• Fenglu Liu School of Technology,Beijing Forestry University
  • Houjiang Zhang School of Technology,Beijing Forestry University
  • Xiping Wang USDA Forest Service Forest Products Laboratory
  • Fang Jiang School of Technology,Beijing Forestry University
  • Wenhua Yu School of Technology,Beijing Forestry University
  • Robert J Ross USDA Forest Service Forest Products Laboratory


Acoustic waves, COMSOL Multiphysics software, dilatational wave, plane wave, wave front, wave velocity, trees.

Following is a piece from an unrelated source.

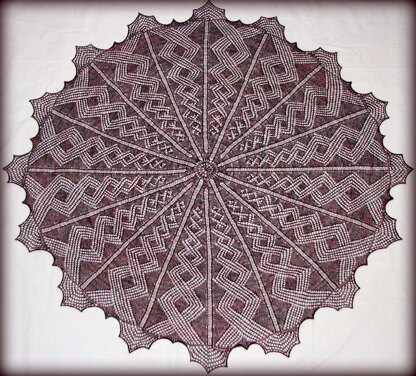 The shawl is begun with written instructions for a stockinette stitch beginning, after which the lace portion begins. The lace pattern is charted only and it consists of three different charts. The stitches used are k, p, yo, k2tog, k3tog, skp, sk2p and m1. The swatch uses also p2tog.
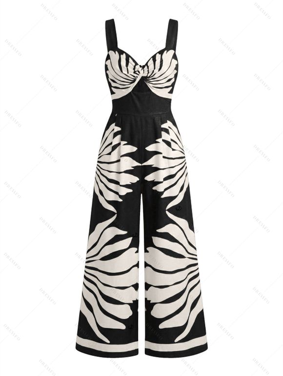 Combinaison de vacances à imprimé feuilles et jambes larges torsadées - Noir S | US 4

The objective of this study was to investigate the effects of tree diameter and juvenile wood on acoustic wave propagation in standing trees. Two-layer tree models with various diameters and proportions of juvenile wood were constructed to examine the effects of these two factors on propagation patterns and velocity of acoustic waves. The simulation results and analysis indicated that acoustic wave propagation in trees is dependent on both tree diameter and propagation distance. In the context of time-of-flight (TOF) acoustic measurement on standing trees with a test span of 1.2 m, when tree diameter is 10 cm or less, or slenderness is twelve or greater, wave propagates as quasi-plane waves in tree trunk, and the tree velocity determined using the TOF method is then comparable to the log velocity measured using the acoustic resonance method. When tree diameter is 40 cm or larger, or slenderness is three or less, wave propagates as dilatational waves in the tree trunk; thus, the three-dimensional wave equation should be considered for wood property prediction. When tree diameter falls between 10 and 40 cm or slenderness falls between 3 and 12, wave propagation is in a transitional phase. Mathematical models were developed to convert the tree velocity in the transition mode to the resonance velocity. It was found that juvenile wood content resulted in a 113-m/s reduction in acoustic velocity. In addition, our analysis indicated that wave propagation in standing trees is controlled by the wood properties of entire cross section, not just the outerwood. Therefore, the wave velocity measured on standing trees reflects the global properties of the wood between the two measuring points.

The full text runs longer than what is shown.